Johanna Elizabeth Braddy (born August 30, 1987) is an American actress. She played the leading role in the 2009 horror film The Grudge 3, and has appeared in Hurt (2009), Easy A (2010), Paranormal Activity 3 (2011), and The Levenger Tapes (2011). She starred as Jenny Matrix in the web series Video Game High School from 2012 to 2014. In 2015, Braddy co-starred as Anna Martin in the Lifetime dark comedy-drama series Unreal. She also starred as Shelby Wyatt in the ABC thriller series Quantico.

Early life
Braddy was born in Atlanta, Georgia; the daughter of Jo Beth, a preschool music teacher and a vocalist, and Steve Braddy, an engineer. Braddy has one brother, Cole Braddy. Braddy attended McIntosh High School in Peachtree City, Georgia, and graduated in 2005.

Career
Braddy made her screen acting début in the ABC Family television film Pop Rocks playing Olivia Harden. She made her voice acting debut in Avatar: The Last Airbender playing the role of Princess Yue. Braddy also played small parts in films Broken Bridges, Home of the Giants and Whore. On television, she had recurring roles in the FX drama The Riches, ABC Family teen comedy-drama, Greek, and VH1 soap Hit the Floor. She also guest starred on Cold Case, Southland, CSI: Crime Scene Investigation, Suburgatory, and Shameless.

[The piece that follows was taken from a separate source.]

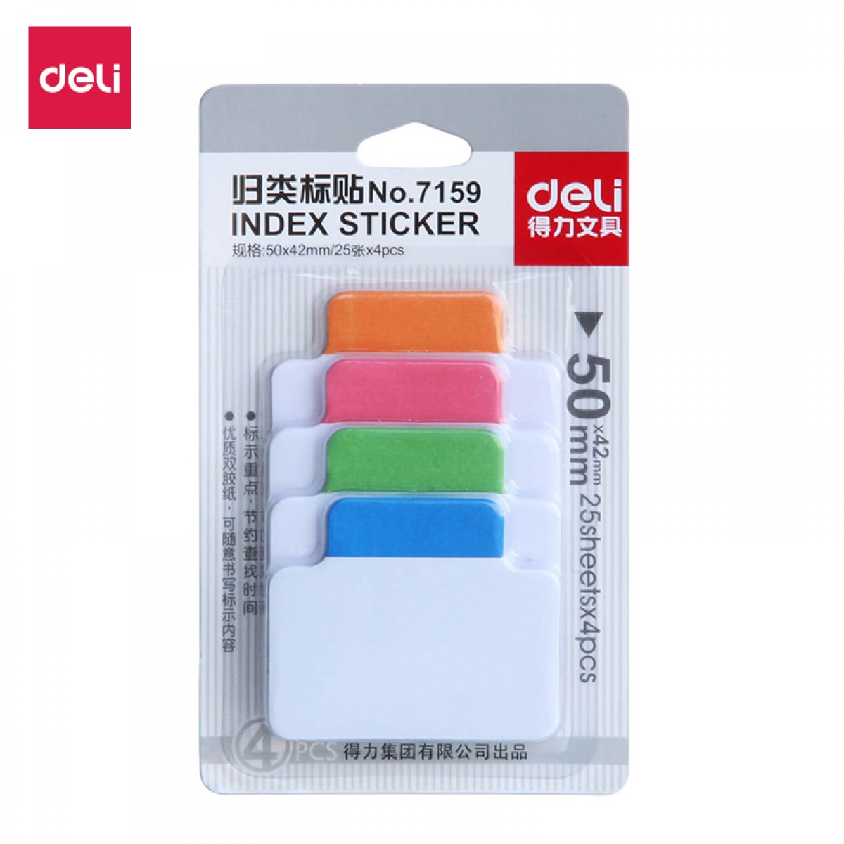 商品名称:得力 7159分类归类百事贴50*24mm 25张四色便利条彩色标签贴便利贴

In 2009, Braddy had her first leading role in the  horror film The Grudge 3, a third installment  in The Grudge franchise, released direct-to-video. The following year, she played a supporting role in the teen comedy Easy A starring Emma Stone. She had roles in horror films Hurt, The Levenger Tapes, Paranormal Activity 3, and The Collection. From 2012 to 2014, she co-starred in the web series Video Game High School.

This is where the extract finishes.